**TASK BRIEF**. From the line with "The PRINTMS program" to the line with "A simple shift", retype each line exactly as it stands in the records below, but skip the pictures.

**EXTRACTED INFORMATION**.
⁂
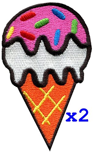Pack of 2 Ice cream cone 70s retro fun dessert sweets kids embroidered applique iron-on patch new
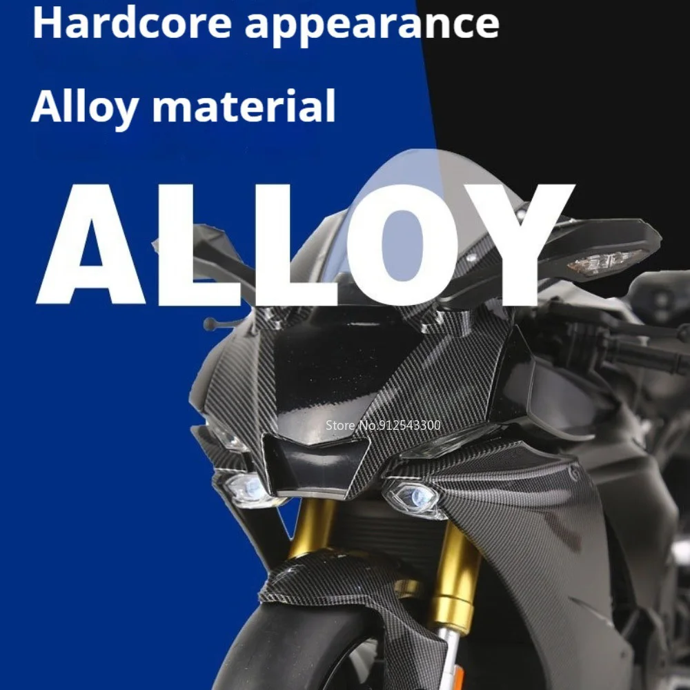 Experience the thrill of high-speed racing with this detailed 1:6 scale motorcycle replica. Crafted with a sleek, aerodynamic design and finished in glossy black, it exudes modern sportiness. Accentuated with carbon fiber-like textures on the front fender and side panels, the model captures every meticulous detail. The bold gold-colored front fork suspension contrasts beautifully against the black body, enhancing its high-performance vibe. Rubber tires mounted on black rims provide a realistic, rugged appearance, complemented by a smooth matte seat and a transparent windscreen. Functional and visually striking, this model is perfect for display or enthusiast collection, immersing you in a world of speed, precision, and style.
⁂
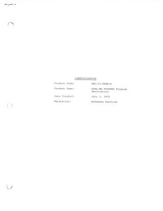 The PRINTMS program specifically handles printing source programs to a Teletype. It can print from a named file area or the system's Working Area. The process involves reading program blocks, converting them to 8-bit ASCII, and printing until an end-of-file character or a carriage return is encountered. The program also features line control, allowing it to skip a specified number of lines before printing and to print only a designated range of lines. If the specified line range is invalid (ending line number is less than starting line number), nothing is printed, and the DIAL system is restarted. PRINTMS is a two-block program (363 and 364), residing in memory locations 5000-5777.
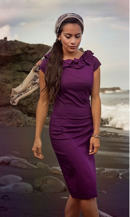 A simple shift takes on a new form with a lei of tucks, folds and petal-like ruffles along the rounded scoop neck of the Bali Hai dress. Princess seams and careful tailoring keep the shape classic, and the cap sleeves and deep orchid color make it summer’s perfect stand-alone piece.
⁂
**RESPONSE**.
 The PRINTMS program specifically handles printing source programs to a Teletype. It can print from a named file area or the system's Working Area. The process involves reading program blocks, converting them to 8-bit ASCII, and printing until an end-of-file character or a carriage return is encountered. The program also features line control, allowing it to skip a specified number of lines before printing and to print only a designated range of lines. If the specified line range is invalid (ending line number is less than starting line number), nothing is printed, and the DIAL system is restarted. PRINTMS is a two-block program (363 and 364), residing in memory locations 5000-5777.
 A simple shift takes on a new form with a lei of tucks, folds and petal-like ruffles along the rounded scoop neck of the Bali Hai dress. Princess seams and careful tailoring keep the shape classic, and the cap sleeves and deep orchid color make it summer’s perfect stand-alone piece.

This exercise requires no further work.